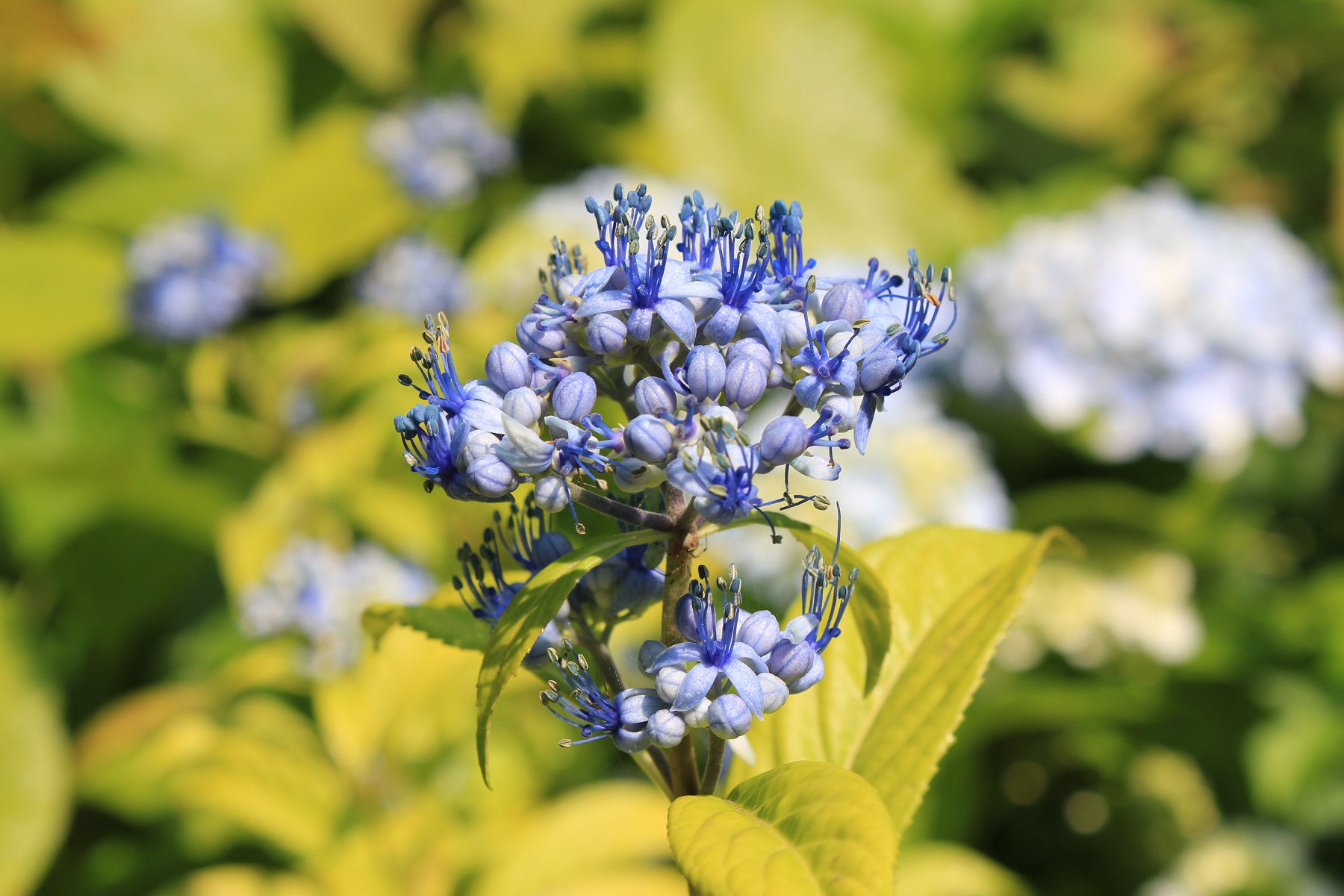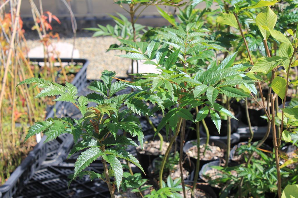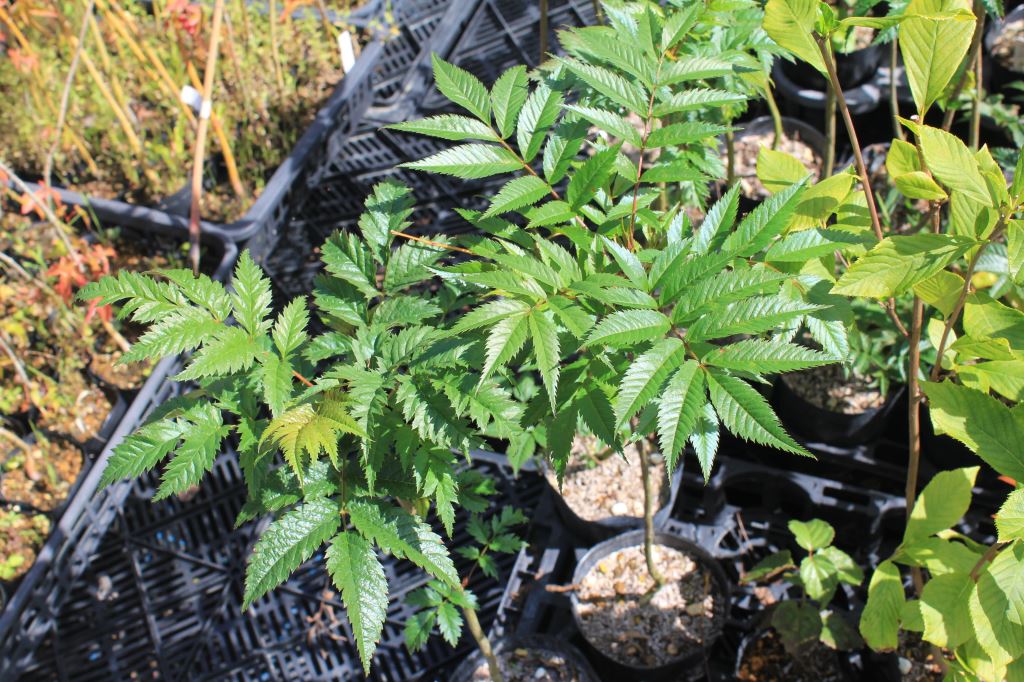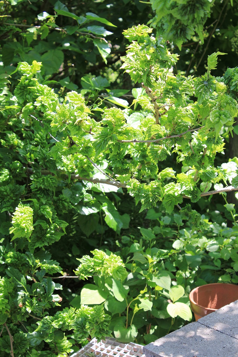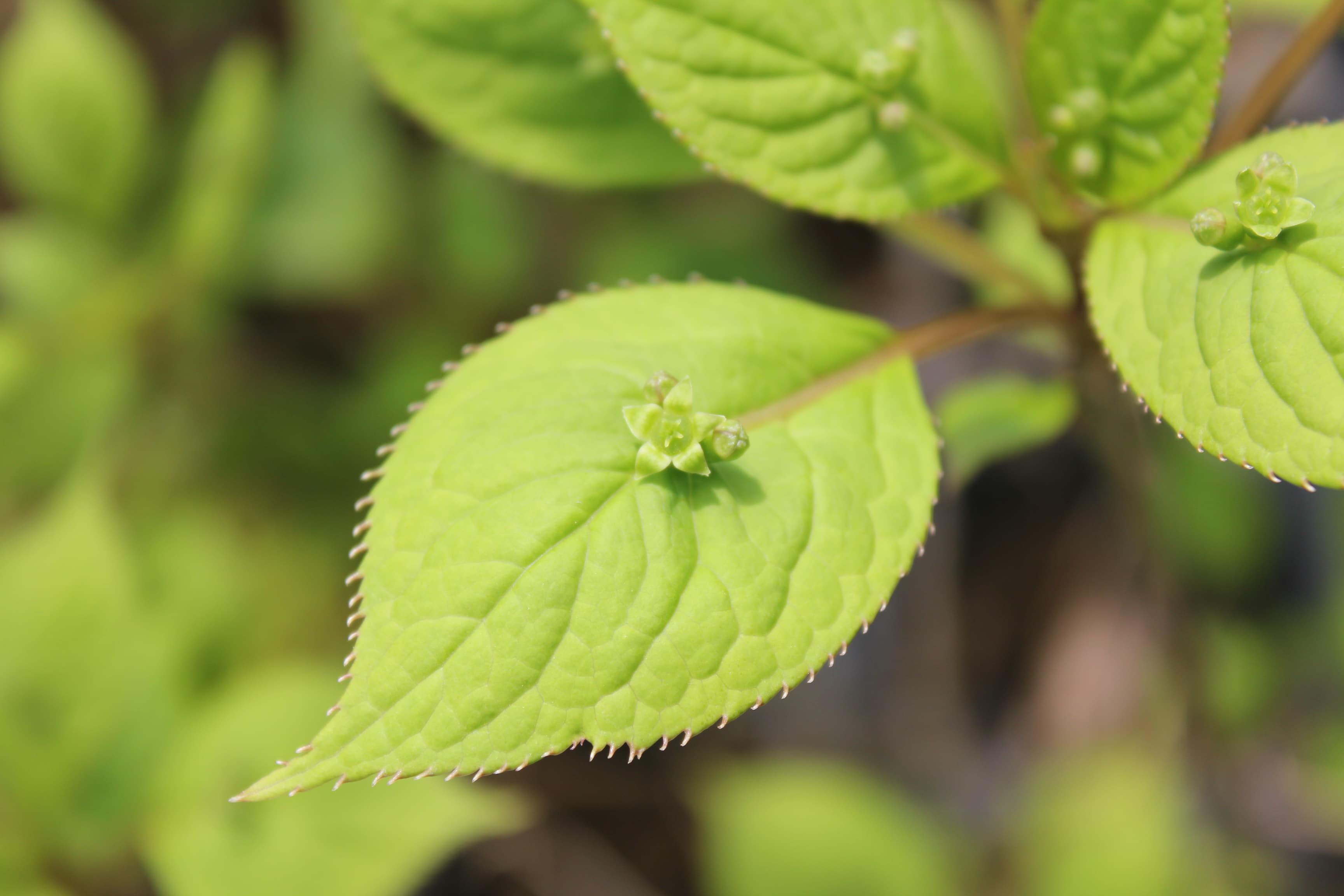 概要:6~7月頃、緑色のドーム状に花序が盛り上がり、白色花を開花させる。本種は、切れ込み深いユニークな葉と、円錐状のガク咲き花が、大変面白い。寒さにも強く、鉢植え・庭植えともによい。
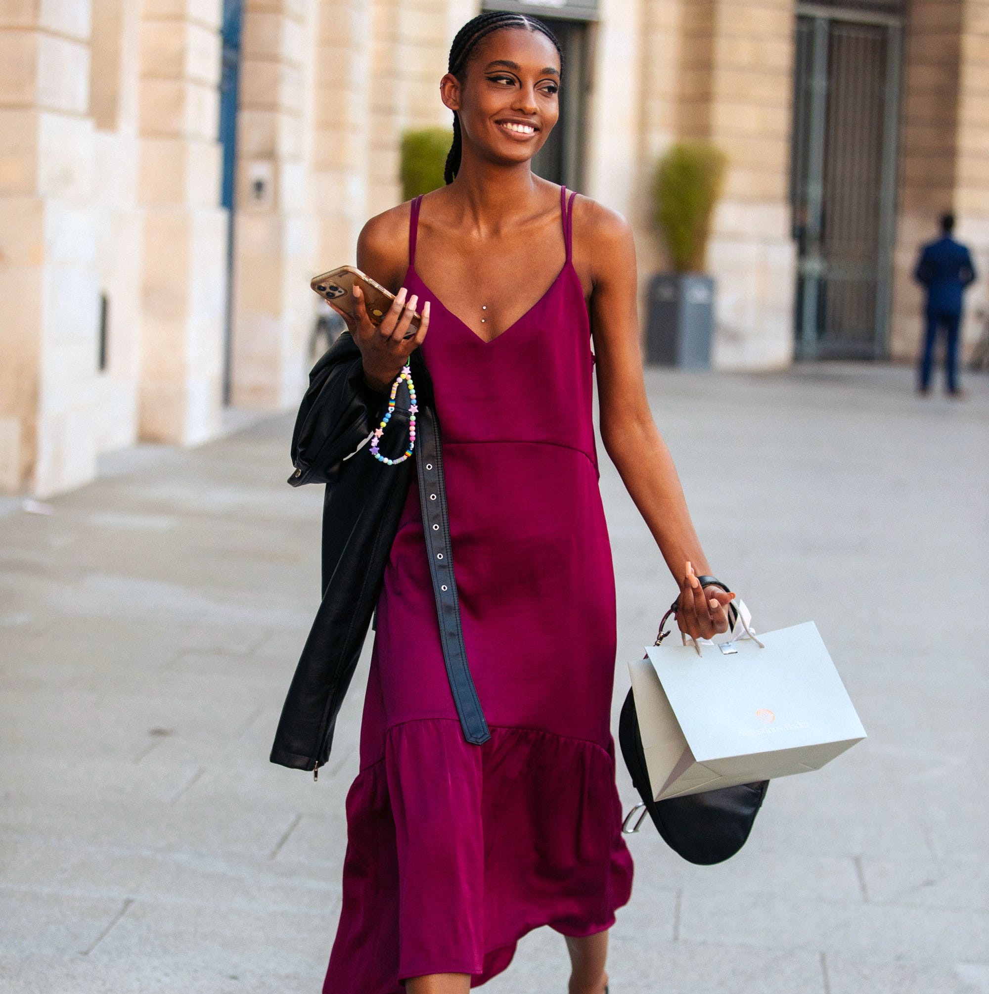 Layer your slip dress over a plain white tee or under a leather jacket. Add strappy sandals or chunky boots depending on the vibe.
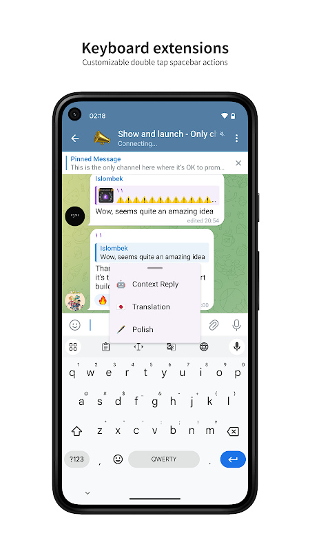 Bắt đầu từ v1.1.0, chúng tôi bắt đầu khám phá những tình huống thú vị mà AI có thể thực hiện trên Android. Hiện tại chúng tôi đã hỗ trợ dịch toàn màn hình và tiện ích mở rộng bàn phím, nhiều tính năng thú vị hơn đang được phát triển.
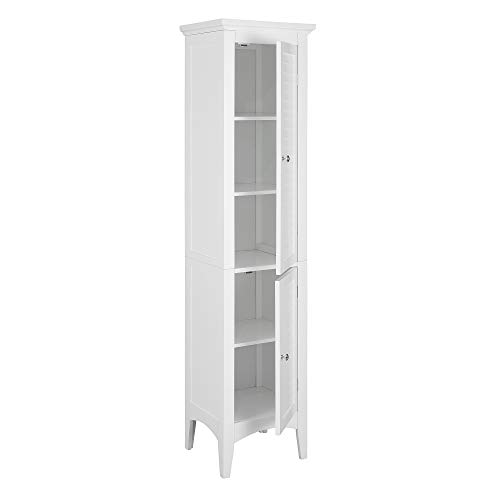 Teamson Home Fristående Linne förvaringsskåp, högt badrumsskåp, trä badrumsförvaring, 2 Louvred dörrar, 5 hyllor, vit, Glance-kollektion
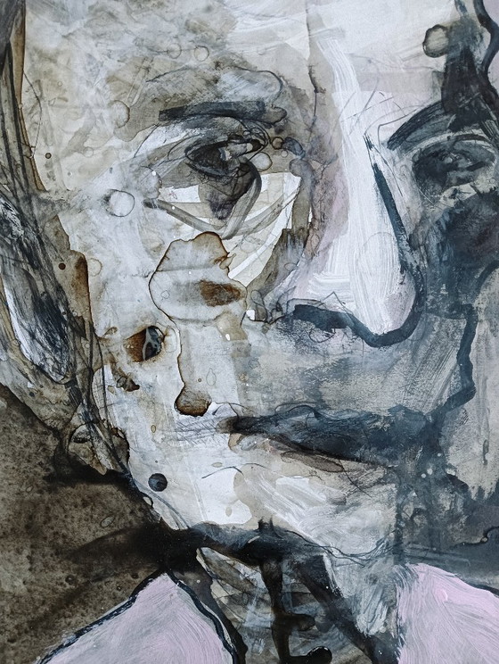 - The artwork is executed in an expressive style, utilizing earth tones and subtle pink accents that enhance the emotion of the portrait.

_AIM OF THE EXERCISE_
A verbatim copy of the entries, without the pictures, is what this task requires.

_RESULT OF THE TASK_
 概要:6~7月頃、緑色のドーム状に花序が盛り上がり、白色花を開花させる。本種は、切れ込み深いユニークな葉と、円錐状のガク咲き花が、大変面白い。寒さにも強く、鉢植え・庭植えともによい。
 Layer your slip dress over a plain white tee or under a leather jacket. Add strappy sandals or chunky boots depending on the vibe.
 Bắt đầu từ v1.1.0, chúng tôi bắt đầu khám phá những tình huống thú vị mà AI có thể thực hiện trên Android. Hiện tại chúng tôi đã hỗ trợ dịch toàn màn hình và tiện ích mở rộng bàn phím, nhiều tính năng thú vị hơn đang được phát triển.
 Teamson Home Fristående Linne förvaringsskåp, högt badrumsskåp, trä badrumsförvaring, 2 Louvred dörrar, 5 hyllor, vit, Glance-kollektion
 - The artwork is executed in an expressive style, utilizing earth tones and subtle pink accents that enhance the emotion of the portrait.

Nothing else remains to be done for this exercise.